子供達はただ無駄に笑っているのではありません。ストレスを発散し、心の整理を自然にしているのです。「はなげぼ~~」と言ったからと言って誰も傷つきはしないのです。家の中でちょっとお道化るお母さんて、子供から見るととても魅力的なんです。私もよく、くだらない冗談で子供達を笑わせました。「たっちゃん・・・たっちゃん」「なに?お母さん?」「・・・・はなげぼ~~」大爆笑です。子供達は私がそうするだけで毎日に機嫌にムラが無く育ちました。
そして・・・今話題になっていませんか?子供が絶対笑う絵のない絵本。
あの本は「擬音」というのでしょうか?「どっか~ん」とか「ぼよよ~~ん」とか単純な表現の言葉が大きな文字や小さな文字で書かれているようです。
私はこの絵の無い絵本が子供の心を整える為にとても理に叶った素晴らしい本だと思います。
ところが・・・幼児を過ぎて少年になっても、まだ言っているともう通用せず、激しくしらけますから気を付けて下さい(笑)子供達がしらけだすと「心が確実に成長」した証拠と言えます。
3、少年になったら親が笑わせるのも難しくなします。その時に登場するのはテレビ、ゲーム等です。テレビを観てはいけない、ゲームをしてはいけないと一切奪ってしまっては子供同士の話題についていけませんから、テレビやゲームも良いと私は思っています。ただ規制が緩く、有害な物もあるのでそれは親が気を付けないといけません。かと言って依存はいけませんが、上記で述べた私の母のように子供が楽しみにしているテレビを「見せない」ような意地悪を親がしない事です。その頃になるとよっぽどの親で無い限り漫談で子供を笑わせる特技の有る方なんて居られないので「心から笑える助け」をテレビ等にしてもらうのも悪くないのです。できれば親も一緒に見て一緒に笑って下さい。私も主人も子供とテレビを観てよく大笑いしました。私も子供達とゲームをしました。子供の様に上手にはできず、駒が直ぐ崖から落ちたりしてゲームオーバーになってしまうのですが、わざと駒をバレエリーナのように回転させらり、走高跳をさせたりすると、子供達は「お母さん、なにやってるのん~~」と二人でゲラゲラ笑いました。私も笑いながらくねくねと更に面白い動きをすると、もう笑いのるつぼです。このように楽しいテレビ・ゲームをさせると子供は決してテレビやゲームに依存をしたり、親に隠れてしたりする事は無いと思います。
遊ぶ時はとことん楽しく、勉強する時はしっかり自分からするようになります。我が家の息子達も、ゲームもしますしテレビも見ますが、自分で管理して私が注意する事はもうないです。しっかり笑ってストレスを発散すれば、後はやるべきことをするようになります。そして何よりストレスのないクリーンな状態で勉強をすると脳にしっかりとインプットされるのです。

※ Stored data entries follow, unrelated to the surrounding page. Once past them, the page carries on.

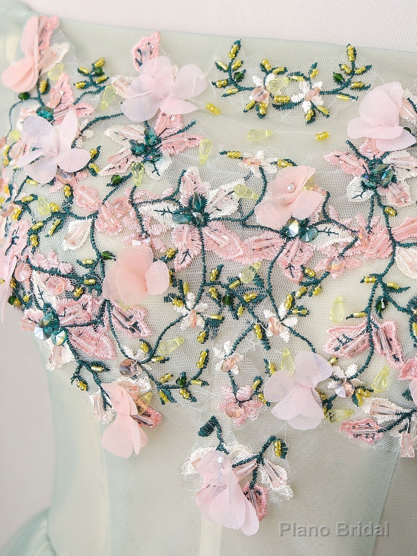 Green Tulle Lace Applique Short Prom Dress, Green Homecoming Dress
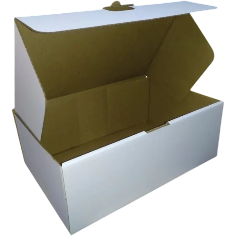 Informações das Embalagens: Modelo: TS 03 EXT B Material: Papelão Micro Ondulado Onda "B" Modelo: Caixa para correio Medidas internas: 32 cm Larg. x 20 cm Prof. x 12 cm Alt Cor interna: Pardo Cor externa: Branco Gramatura do papelão: 395g
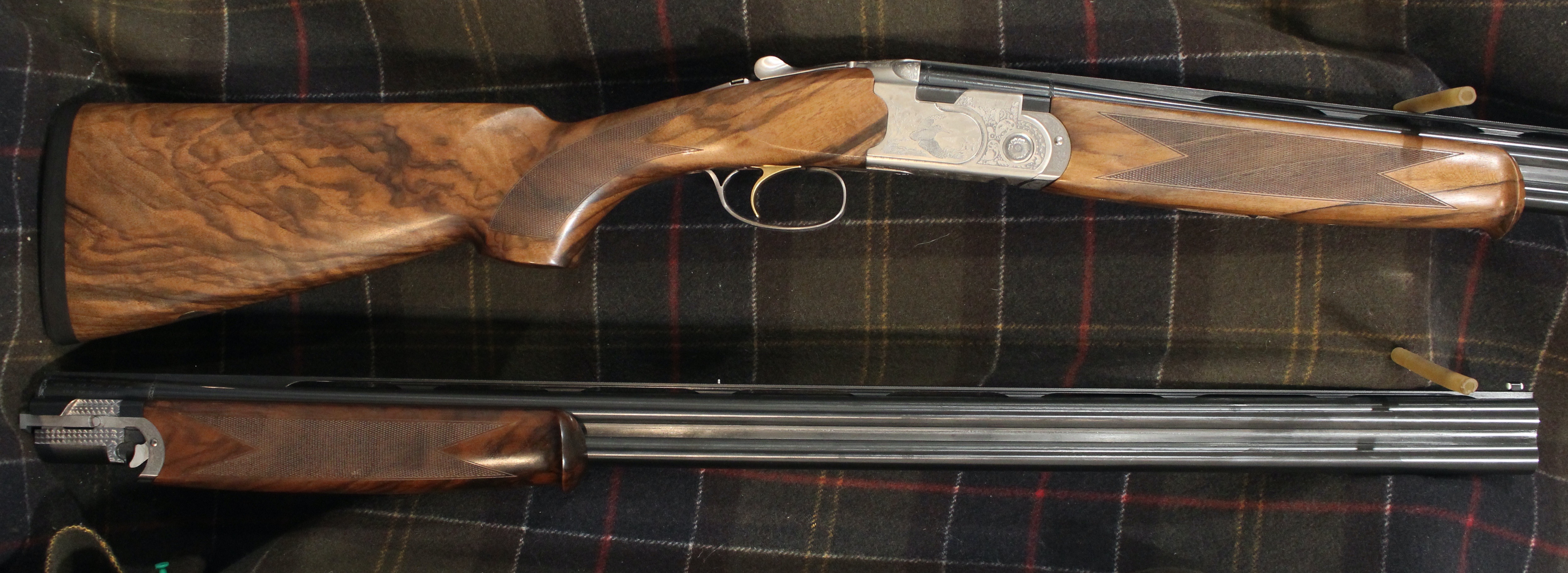 Silver Pigeon 3 Signature Deluxe Sporting Combo - 20 & 28 gauge with 30" wide rib Optima HP sporting barrels, Deluxe engraving, front and middle beads, upgraded EELL wood, comes in Beretta case with 5 flush Optima HP choke tubes for each gauge (F,IM,M,IC,CYL).

接し方が一番難しい少年期を通り過ぎると、もう親が必死に家で笑わせる事のお役目は終わり子供は勝手に友達と楽しく語らい、仲間を作って行きます。それからの家庭は安穏を保ってあげる事が大切です。
「母は愛する者の太陽であれ」私は長男が生まれてから23年、次男が生まれてから18年この言葉をいつも胸に子育てに挑んで来ました。
小さな社会(家庭)の環境がどれだけ子供の心に影響するかを私自身が幼い時から嫌と言う程経験しました。母を憎んで、母にされた事を子供にもしてやろう・・ともしも思っていたら今はないです。
私自身が「この子達の子育てを大いに楽しんで大いに笑おう」と思って、今日を迎えました。23年前には想像もできなかった今日ですが、この上ない安穏を感じます。それはなぜか?今は反対に子供が私を腹の底から笑わせてくれるからです。
質の良い「笑」をたくさん経験する事で、子供は心が優しく、強く、たくましく成長し、更に他人を楽しく安穏にさせる素晴らしいパワーが備わるのです。